Карпуха обрадовался, что жертва его не принята.
— Отпущу! Крыло зарастёт совсем — и отпущу. А то — бери! С ним интересно!
— Лучше отпусти.
— Договорились! Когда отпускать буду — мы вас позовём!..
НОЧНОЙ ПЕРЕПОЛОХ
Ночью выпал первый снег. Он был мокрый и тяжёлый. Чуя смену погоды, ворон раскаркался в темноте и разбудил мальчишек. Карпуха прикрикнул на него. Купря замолчал, но братьям больше не спалось. Оба думали о предстоящей поездке в Ораниенбаум. Федька засмеялся в темноте.
— Помнишь, как тот матрос в комнату вбежал?.. Нас увидел — глаза чуть не лопнули!
— Разозлился, наверно!
— Ещё бы! Трое суток под арестом!
— Возьмёт и не пустит!
— Куда? — удивился Федька.
— К дяде Васе.
— Не имеет права — мы по делу!.. Может, этого Бугасова все чекисты ищут, а он сидит на своём дворе, да ещё лес обворовывает!
От залива долетел приглушённый расстоянием выстрел.
— Никак стреляют? — прошептал Карпуха.
Прогремело ещё два выстрела. Внизу заскрипела кровать — это отец встал с постели. Мальчишки скатились по лестнице и ворвались в комнату.
— Стреляют! — крикнул Федька.
— Не глухой, — ответил отец.
Он торопливо одевался, а мать зажгла лампу.
Выстрелы следовали один за другим, приближаясь к дому. Тревожно заржал Прошка под навесом. Когда отец и сыновья выскочили на крыльцо, всё стихло. Они дошли до берега.

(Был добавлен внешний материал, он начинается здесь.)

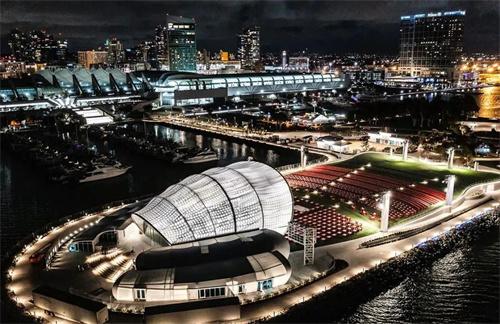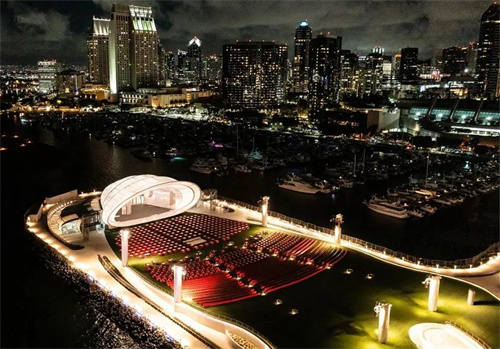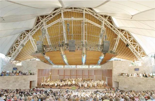 與傳統(tǒng)的音樂會場地不同,坐落于美國西海岸的雷迪貝殼音樂劇場在建筑和聲學(xué)設(shè)計上實現(xiàn)了高度創(chuàng)新。戶外舞臺外表形似貝殼,一律以白色的張拉膜結(jié)構(gòu)所鋪蓋,遠(yuǎn)遠(yuǎn)望去整個舞臺宛如白帆競發(fā),巍然屹立,典雅靜謐。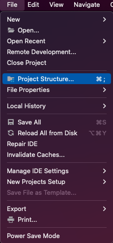2. 그리고 Structure 창이 열리면 창 왼쪽메뉴중 아래 이미지와 같이 Modules 를 클릭합니다.
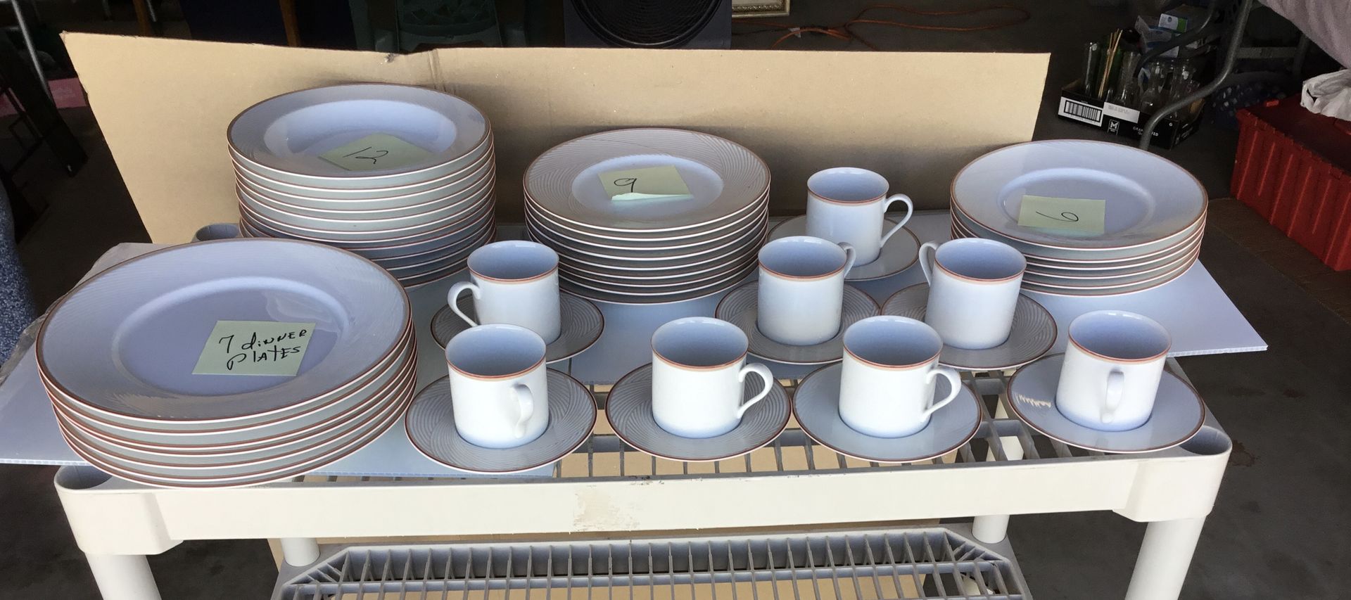 Dansk Tapestries collection, featuring the Damask pattern designed by Jack Lenor Larsen and crafted in Japan 7 dinner plates 12 salad 9 snack 6 snack (different design) 8 coffee cups with saucers

Липкий снег валил густо. Уже за камнем ничего не было видно. Дороховы прислушались. Им показалось, что где-то постукивают вёсла в уключинах. Потом послышались шаги. Подошёл встревоженный Семён Егорович, спросил:
— Не ты стрелял, Степан Денисыч?
— Тут, считай, из трёх винтовок били и из одного нагана, — ответил отец.
— По звуку определил?
— Наслушался в окопах… Будто гребут?
И верно: где-то за снежной пеленой шуршала и булькала вода. Рядом с камнем вынырнул широкий нос баркаса. Проскрежетав килем по дну, он остановился. Два матроса соскочили прямо в воду, крестом сомкнули руки, а двое других усадили на них пятого матроса. Он то стонал, то ругался такими морскими словечками, что отец крякнул и сказал:
— Ночью-то так вроде и не годится.
Тяжело хлюпая по воде, матросы вынесли раненого на берег.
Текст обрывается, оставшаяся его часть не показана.